(Recorded data)
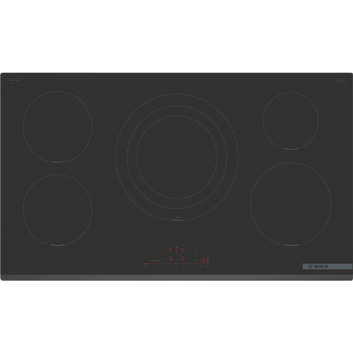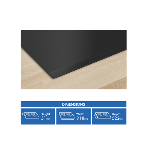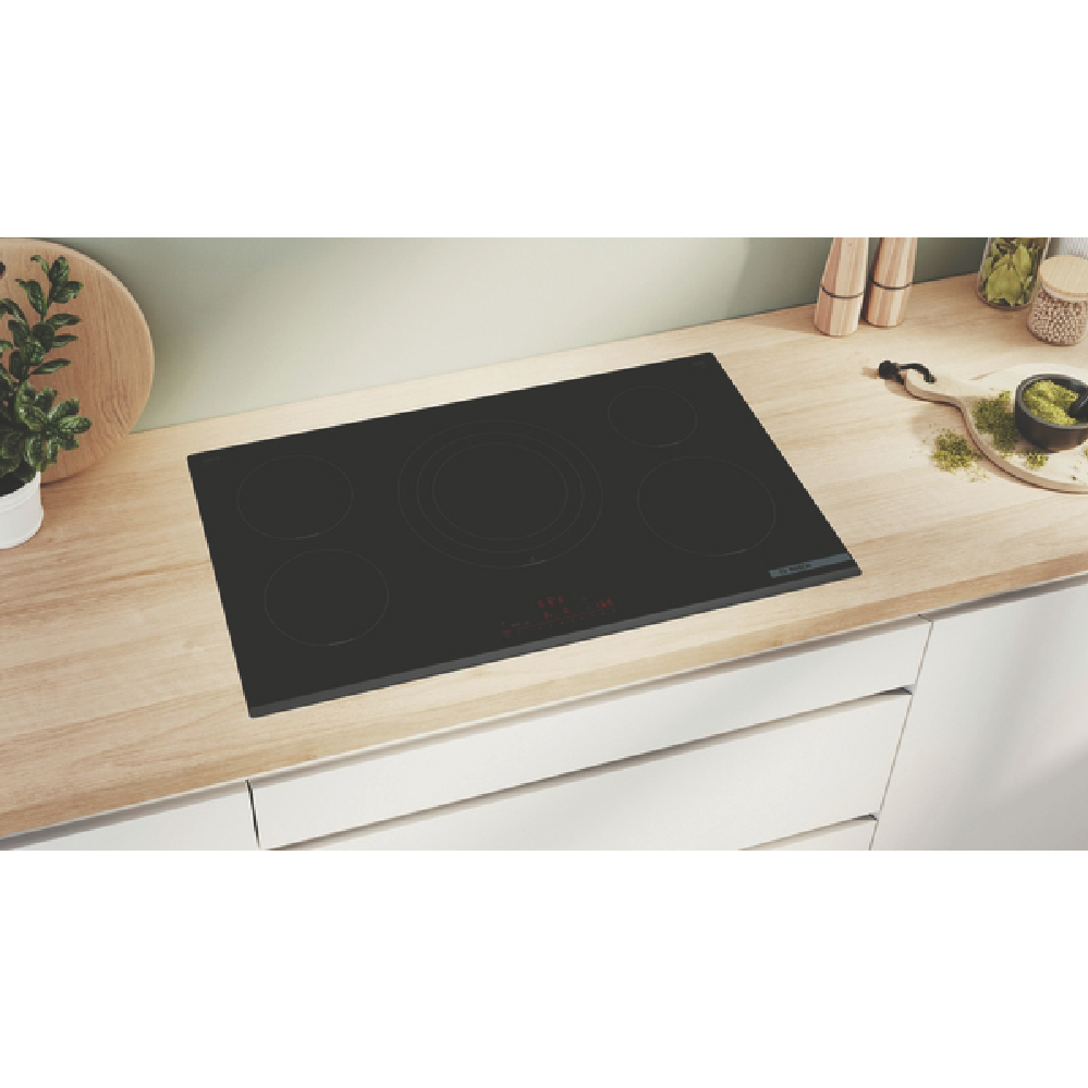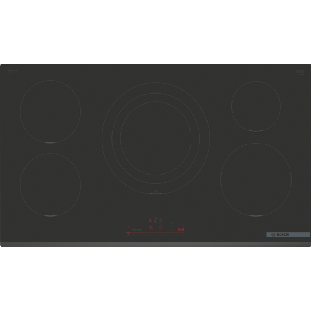 Step up your kitchen with the power and precision of the Bosch Series 6 90cm Induction Cooktop. This sleek black glass cooktop boasts 5 induction cooking zones to accommodate all your cooking needs. The touch controls with 17 power levels allow you to fine-tune heat with ease. Features like PowerBoost ReStart QuickStart and Pause give you complete command over your cooking. With automatic pan recognition this cooktop intelligently detects your cookware. The switch-off timer count-down timer and child lock provide added safety and convenience. At 918mm wide this spacious cooktop has room to cook multiple dishes at once. The durable glass surface simply wipes clean after use. With intelligent DirectSelect and automatic safety switch off Bosch brings the latest induction technology to your kitchen. Backed by Bosch's 2 year warranty this cooktop delivers advanced features you can count on for quicker easier and smarter cooking every day. The manufacturer's part number for this product is PIV931HC1E. Bring home the Bosch Series 6 90cm Induction Cooktop for high-performance cooking.
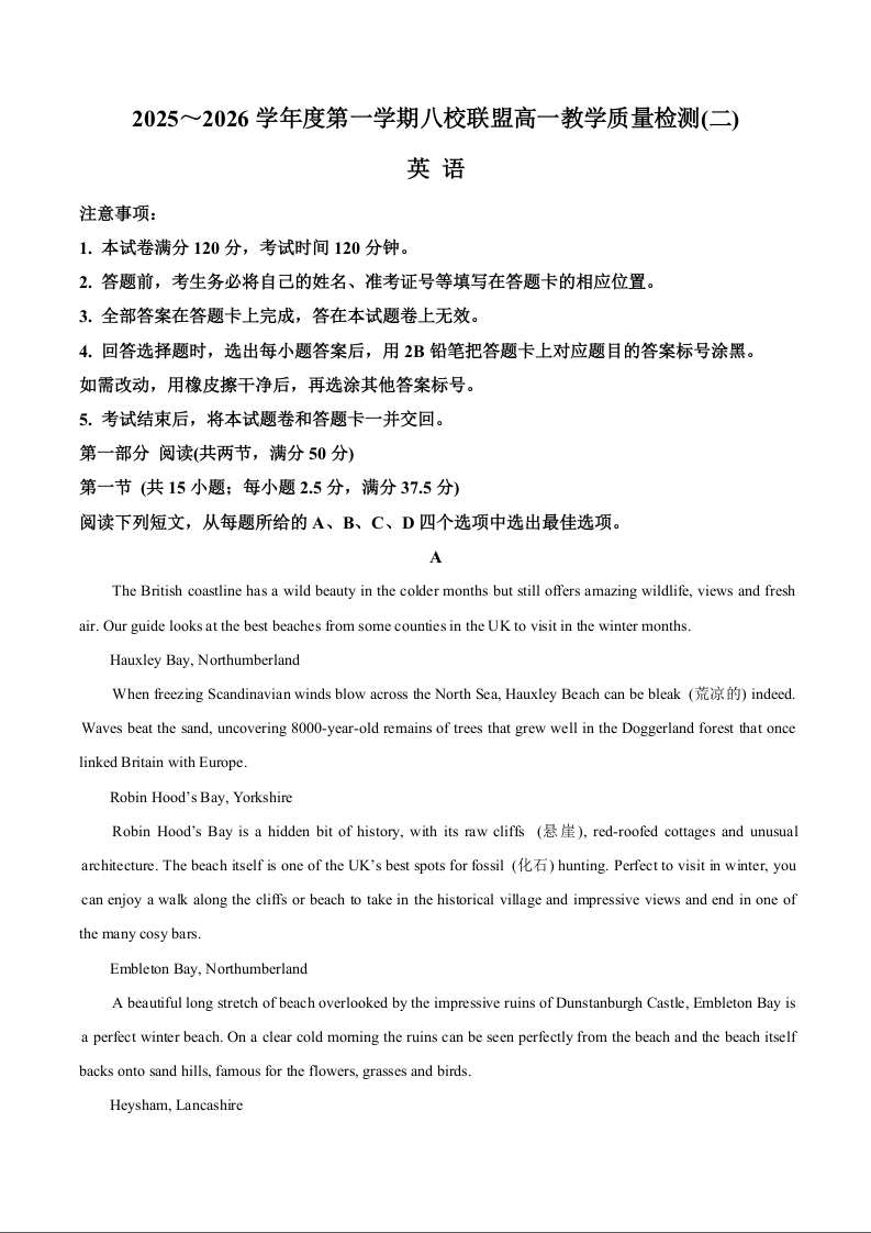 广东省八校联盟2025-2026学年高一上学期教学质量检测(二)英语试题(含答案).docx
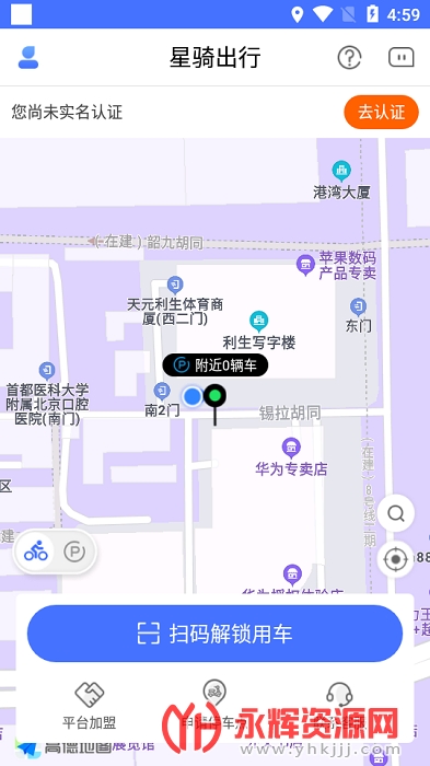 星骑出行用户端,本应用主要提供给车辆租赁的用户使用,提供我的账户,常见问题以及系统设置模块。用户可以在首页进行扫码解锁用车,搜索目的地还车点,切换显示车辆位置和停车点位置,定位自己的位置,以及联系客服。
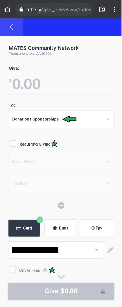 Once you have entered all necessary information, the Give button at the bottom will turn green, and you can make your donation!
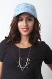 This cap has a classic baseball cap design, featuring 6-panels and curved brim. Adjustable adhesive tape at back. Fabric material. Denim print throughout. Aztec print design along crown.
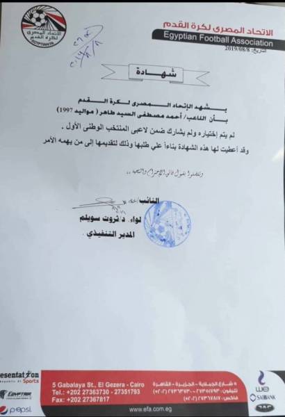 في المقابل، تستند إدارة نادي أبها على خطاب من الاتحاد المصري لكرة القدم يؤكد عدم مشاركة اللاعب أحمد مصطفى مع المنتخب المصري الأول.

◆ **TO DO**
The records above are to be set down exactly as written, with no images.

◆ **REPLY TO THE TASK**
 Step up your kitchen with the power and precision of the Bosch Series 6 90cm Induction Cooktop. This sleek black glass cooktop boasts 5 induction cooking zones to accommodate all your cooking needs. The touch controls with 17 power levels allow you to fine-tune heat with ease. Features like PowerBoost ReStart QuickStart and Pause give you complete command over your cooking. With automatic pan recognition this cooktop intelligently detects your cookware. The switch-off timer count-down timer and child lock provide added safety and convenience. At 918mm wide this spacious cooktop has room to cook multiple dishes at once. The durable glass surface simply wipes clean after use. With intelligent DirectSelect and automatic safety switch off Bosch brings the latest induction technology to your kitchen. Backed by Bosch's 2 year warranty this cooktop delivers advanced features you can count on for quicker easier and smarter cooking every day. The manufacturer's part number for this product is PIV931HC1E. Bring home the Bosch Series 6 90cm Induction Cooktop for high-performance cooking.
 广东省八校联盟2025-2026学年高一上学期教学质量检测(二)英语试题(含答案).docx
 星骑出行用户端,本应用主要提供给车辆租赁的用户使用,提供我的账户,常见问题以及系统设置模块。用户可以在首页进行扫码解锁用车,搜索目的地还车点,切换显示车辆位置和停车点位置,定位自己的位置,以及联系客服。
 Once you have entered all necessary information, the Give button at the bottom will turn green, and you can make your donation!
 This cap has a classic baseball cap design, featuring 6-panels and curved brim. Adjustable adhesive tape at back. Fabric material. Denim print throughout. Aztec print design along crown.
 في المقابل، تستند إدارة نادي أبها على خطاب من الاتحاد المصري لكرة القدم يؤكد عدم مشاركة اللاعب أحمد مصطفى مع المنتخب المصري الأول.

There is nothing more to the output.